Rhys felt, however, that he could better himself and, by attending evening classes and studying in a shed at the back of his terraced home before and after shifts, he matriculated in 1926. At that time he was involved in the General Strike, as secretary of his pit lodge of the South Wales Miners' Federation.

As a mature student, he entered the University College of Wales, Swansea, in 1927, with the hope of studying to be a mining engineer, but the following year he transferred to Aberystwyth, graduating with a BA in history and economic history in 1931 and obtaining a teachers' certificate in 1932. Rhys became a teacher with the London county council and eventually gained a permanent position at Church Street School, Stoke Newington.

On a visit to Denmark in 1930, he met my mother, Louise, and in 1935 they were married in London. Theirs was a loving relationship, and she was very supportive of him. While teaching during the day, Rhys attended the London School of Economics in the evenings, receiving a BSc (Econ) in 1938.

Two days before the declaration of the Second World War, the Church Street children, together with my parents, were evacuated to Stevenage, Hertfordshire. My younger brother and I were born in Hitchin during the war. In 1943 my father was asked to return to London, and he commuted daily, combining his work with Home Guard duties and further study, and obtaining an MSc (Econ) from the LSE in 1946.
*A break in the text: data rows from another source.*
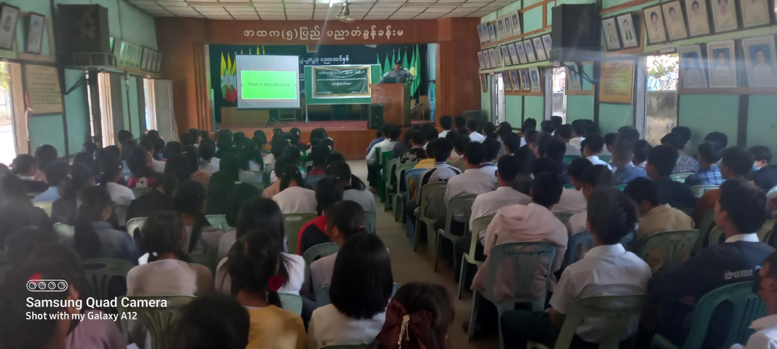 ရှေးဦးစွာ ဟောပြောပွဲတွင် မူးယစ်ဆေးဝါးတားဆီးနှိမ်နှင်းရေး ရဲတပ်ဖွဲ့ အမှတ်(၃၁)၊ မူးယစ်တပ်ဖွဲ့စုမှ ရဲမှူးမျိုးမင်းက မူးယစ်ဆေးနှင့် ပတ်သက်သည့် အကြောင်းအရာများ၊ မူးယစ်ဆေးဝါးအန္တရာယ်၊ ဆေးလိပ်နှင့် ဆေးရွက်ကြီးအန္တရာယ်၊ ဆေးခြောက်အန္တရာယ်၊ စိတ်ကြွရူးသွပ် ဆေးပြားအန္တရာယ်၊ အရက်အန္တရာယ်၊ ကော်ရှုခြင်းအန္တရာယ်၊ ကွမ်းစားခြင်း အန္တရာယ်နှင့်ကျန်းမာရေးဆိုင်ရာ၊ ဥပဒေဆိုင်ရာအသိပညာပေး အကြောင်းအရာများ၊ လူငယ်များမူးယစ်ဆေးဝါးနှင့်ပတ်သက်ပြီး ရှောင်ရှားနိုင်ရန်နှင့် လူငယ်များအား မူးယစ်ဆေးဝါးအန္တရာယ် မကျရောက်ရန် အတွက် အသိပညာဗဟုသုတများ ရရှိစေရန် ဟောပြောခဲ့ကြောင်း သိရသည်။
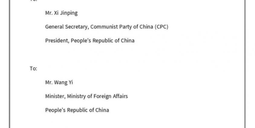 တရုတ်နိုင်ငံအနေနဲ့ မြန်မာ ပြည်သူလူထုရဲ့ သဘောထားကို အလေးထား လေးစားပြီး ဂရုပြုဖို့အပြင် တော်လှန်ရေးကို နှောက်ယှက်ပြီး စစ်ကောင်စီကို အားပေးအားမြောက် ကြားဝင်မှုတွေကို ရပ်တန်းကရပ်ပြီး နှစ်နိုင်ငံ ချစ်ကြည်ရေးကို ညှိစွန်းစေမဲ့ ဘုံအကျိုးစီးပွားကို ပျက်ပြားစေမဲ့ မကြေမနပ်ဖြစ်စေမဲ့ လုပ်ရပ်တွေကို မလုပ်ဖို့ အိတ်ဖွင့်ပေးစာမှာ တောင်းဆို ထားပါတယ်။
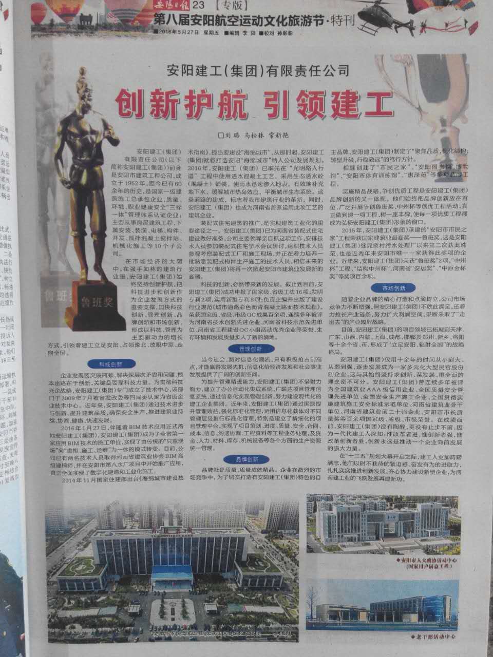 前不久,經(jīng)市住建局推薦,集團辦公室馬松林、常新艷、劉璐寫(xiě)稿的《創(chuàng )新護航  引領(lǐng)建工》榮登2016年5月27日安陽(yáng)日報“第八屆安陽(yáng)航空運動(dòng)文化旅游節-特刊”專(zhuān)版。
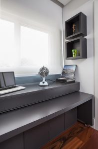 Quem tem criança sabe que qualquer dificuldade pode ser um motivo para não querer estudar e, por isso, é preciso investir em móveis que tornem o espaço mais agradável e estimule esse momento, além de um ambiente que ofereça tranquilidade e boa acústica. A altura da bancada, por exemplo, deve ser adequada ao tamanho da criança, para que a coluna fique ereta durante o uso. “Em caso de móveis planejados, uma opção bacana é investir em um tampo que possa ser colocado em diferentes alturas, acompanhando as diferentes fases da criança”, diz Karina. A mesa de estudo deve ter, no mínimo, 80 cm de largura e 50 cm de profundidade, medida ideal para apoiar todos os objetos, além de oferecer área suficiente para abrir e movimentar computador, livros e cadernos.
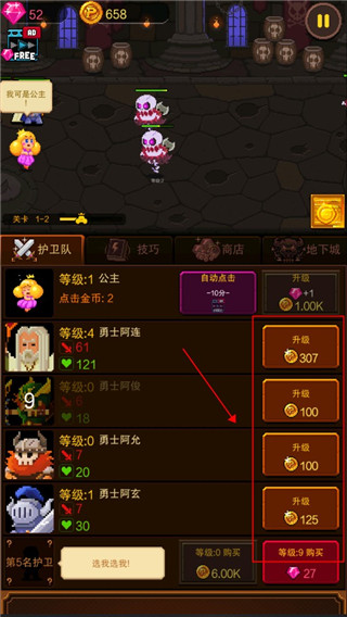 3、当有足够的金币时不要忘记给勇者提升等级,等级越高勇者的各项属性也会增强。
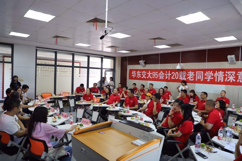 9月21日,经管学院95会计专业校友毕业二十周年返校聚会在我校北区举行。校友们在经管大楼着统一订制花椒服装开展了师生座谈会,出席本次座谈会的有我院党委书记胡桃元老师,校人事处长、时任95级会计辅导员林井萍老师,校友办王倩老师以及我院王芸、冒小栋、胡俊楠,刘修财等老师。
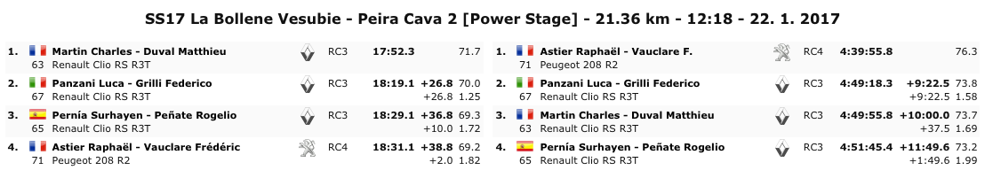 Il rally di Monte Carlo, da sempre caratterizzato dalla presenza di neve, ghiaccio e umido, ha messo a dura prova i concorrenti che disponevano di vetture con le due ruote motrici.Nella classifica riservata ai concorrenti del Wrc3, a trionfare sono Raphael Austier e Frederic Vauclare con la piccolina Peugeot 208 R2B. L’equipaggio transalpino è autore di una gara maiuscola e priva di sbavature, tanto da piazzarsi spesso a ridosso dei migliori del Wrc2 e concludendo la fatica monegasca in diciannovesima posizione assoluta.
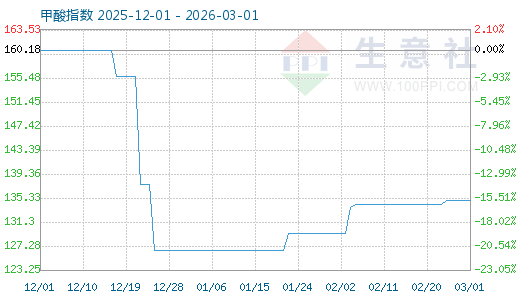 3月1日生意社甲酸指數(shù)為134.86
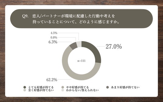 「Q9.恋人/パートナーが環境に配慮した行動や考えを持っていることについて、どのように感じますか。」(n=111)と質問したところ、「とても好感が持てる」が27.0%、「やや好感が持てる」が62.2%という回答となりました。
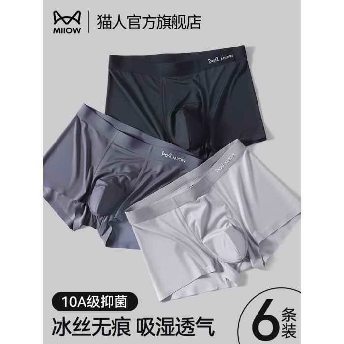 貓人男士內褲男生冰絲無痕四角褲2025新款夏季透氣平角短褲衩男款
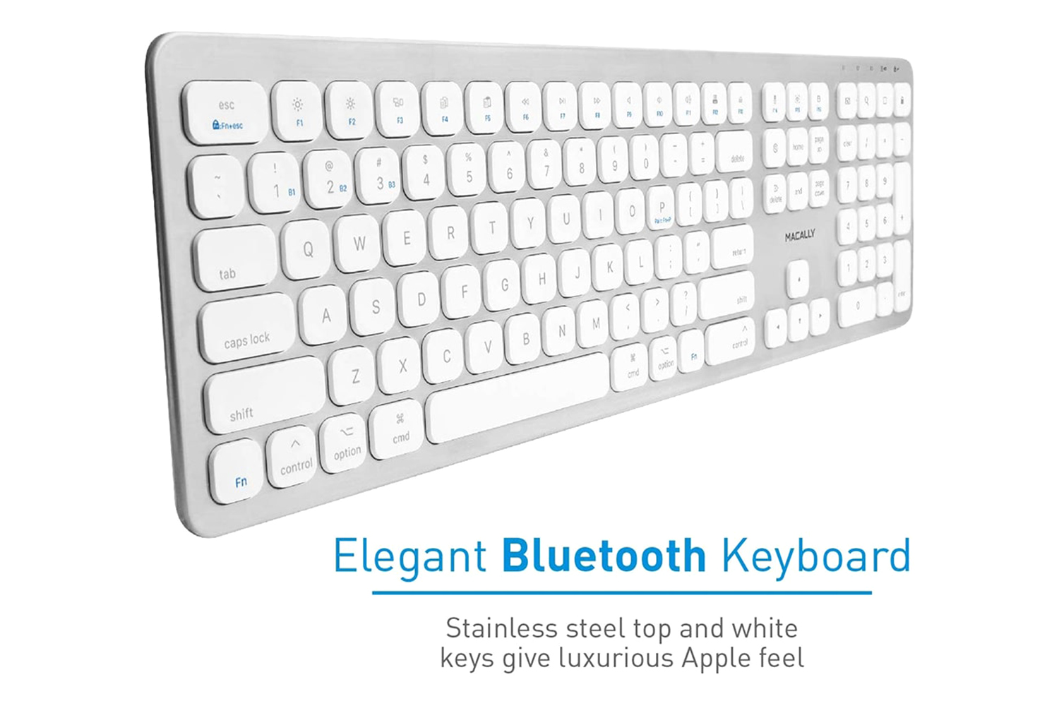The Macally BTWKEYMB is a stylish Bluetooth wireless keyboard with a brushed stainless steel top finish and concave keycap design, especially designed for any Bluetooth equipped Apple Mac, iPad and iPhone.
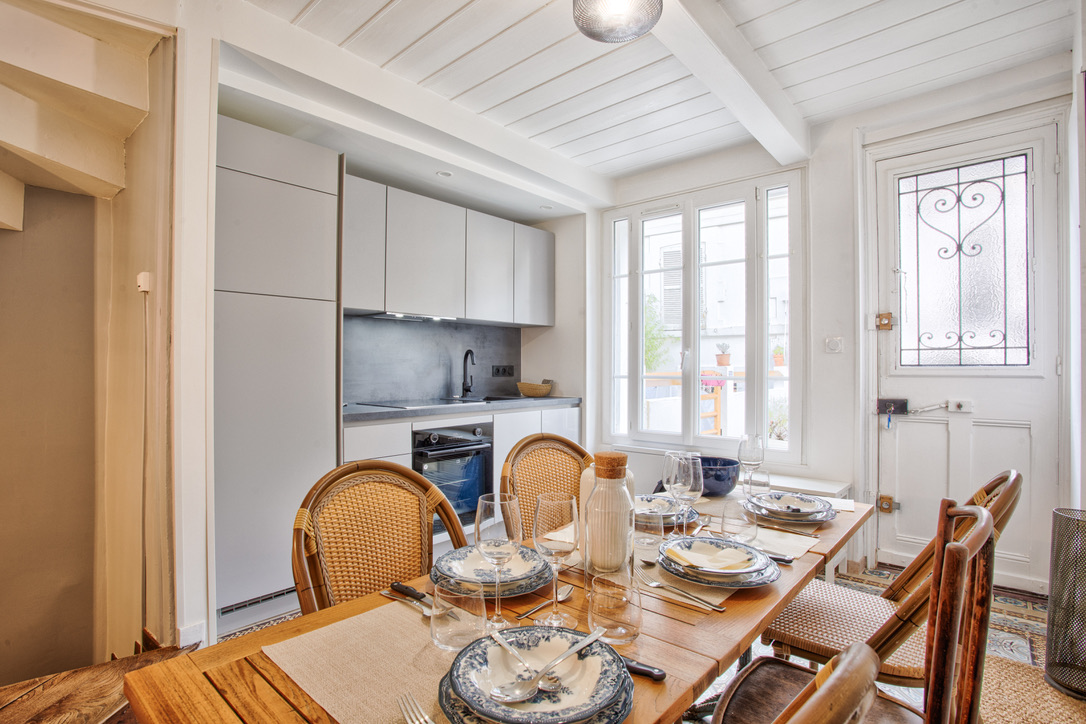 Vous pouvez profiter de la cour partagée et même sortir les tables pour vos repas.

In 1947 Rhys took up post at a teacher training college at Wymondham, Norfolk, and in 1949 moved as lecturer and head of history to the newly created Easthampstead Park Training College, near Wokingham in Berkshire (now absorbed into Reading University), where he remained until his retirement, by which time he had become principal lecturer.

He had a long, happy and well deserved retirement, travelling abroad with my mother and keeping up with politics and current affairs. As a Welsh speaker – he could speak little English until he was five – he was proud of his cultural heritage.

Louise died in 1994. Rhys is survived by me, my brother, Peter, seven grandchildren and five great-grandchildren.